The solution here is to delete/usr/bin/host directly, so that Cloudera Manager will directly use the ip address for connection, so there is no error
Refer:
Cloudera manager 4.8
Http://www.reader8.cn/jiaocheng/20140419/2307406.html
Question 2 NTP:
Question 2.1
Problem description:
Bad Health -- Clock Offset
The host's NTP service did not respond to a request for the clock offset.
Solution:
Configure NTP service
Step reference:
Configure NTP Server for CentOS:
Http://www.hailiangchen.com/centos-ntp/
Common NTP server addresses and IP addresses in China
Http://www.douban.com/note/171309770/
Modify the configuration file:
[Root @ work03 ~] # Vim/etc/ntp. conf
# Use public servers from the pool.ntp.org project.
# Please consider joining the pool (http://www.pool.ntp.org/join.html ).
Server s1a.time.edu.cn prefer
Server s1b.time.edu.cn
Server s1c.time.edu.cn
Restrict 172.16.1.0 mask 255.255.255.0 nomodify <=== allow access to lan sources
Start ntp
# Service ntpd restart <=== start the ntp service
Client synchronization time (work02, work03 ):
Ntpdate work01
Note: It takes about five minutes to start the NTP service. If the client synchronization time is set before the service is started, the error "no server suitable for synchronization found" appears"
Scheduled synchronization time:
Configure crontab scheduled synchronization time on work02 and work03
Crontab-e
00 12 * root/usr/sbin/ntpdate 192.168.56.121>/root/ntpdate. log 2> & 1
Question 2.2
Description:
Clock Offset
Ensure that the host's hostname is configured properly. ensure that port 7182 is accessible on the Cloudera Manager Server (check firewall rules ). ensure that ports 9000 and 9001 are free on the host being added. check agent logs in/var/log/cloudera-scm-agent/on the host being added (some of the logs can be found in the installation details ).
Problem locating:
Run 'ntpdc-c loopinfo' on the corresponding host (work02, work03'
[Root @ work03 work] # ntpdc-c loopinfo
Ntpdc: read: Connection refused
Solution:
Enable the ntp service:
Start the ntp service on all three machines
Chkconfig ntpd on
Question 3 heartbeat:
Error message:
Installation failed. Failed to receive heartbeat from agent.

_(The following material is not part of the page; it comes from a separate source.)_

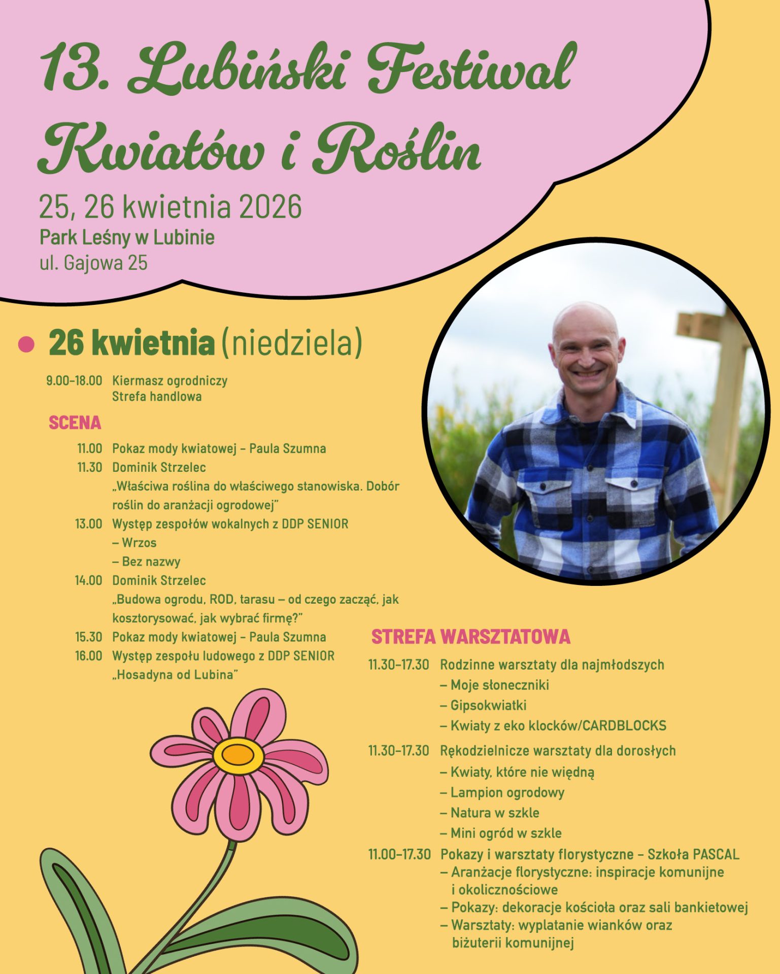 – Gościem specjalnym festiwalu będzie Dominik Strzelec – znany popularyzator ogrodnictwa, który poprowadzi spotkania i panele dyskusyjne. Uczestnicy będą mogli skorzystać z jego doświadczenia, zadać pytania i uzyskać cenne wskazówki dotyczące projektowania ogrodów, doboru roślin czy aranżacji zielonych przestrzeni – informuje Joanna Kulik.

Solution: Disable the Firewall
Question 4 Unknow Health:
Unknow Health
After restart: Request to
Host MonitorFailed.
Service -- status-all | grep clo
Check the status of scm-agent on the machine: cloudera-scm-agent dead but pid file exists
Solution: restart the service.
Service cloudera-scm-agent restart
Service cloudera-scm-server restart
Question 5: canonial name hostname consistent:
Bad Health
The hostname and canonical name for this host are not consistent when checked from a Java process.
Canonical name:
4092 Monitor-HostMonitor throttling_logger WARNING (29 skipped) hostname work02 differs from the canonical name work02.xinzhitang.com
Solution: Modify the hosts so that the FQDN and hostname are the same.
Ps: The Host Name and host alias must be the same.
/Etc/hosts
192.168.1.185 work01 work01
192.168.1.141 work02 work02
192.168.1.198 work03 work03
Question 6 Concerning Health:
Concerning Health Issue
-- Network Interface Speed --
Description: The host has 2 network interface (s) that appear to be operating at less than full speed. Warning threshold: any.
Details:
This is a host health test that checks for network interfaces that appear to be operating at less than full speed.
A failure of this health test may indicate that network interface (s) may be configured incorrectly and may be causing performance problems. use the ethtool command to check and configure the host's network interfaces to use the fastest available link speed and duplex mode.
Solution:
This test modified the Cloudera Manager configuration, which is not a real solution.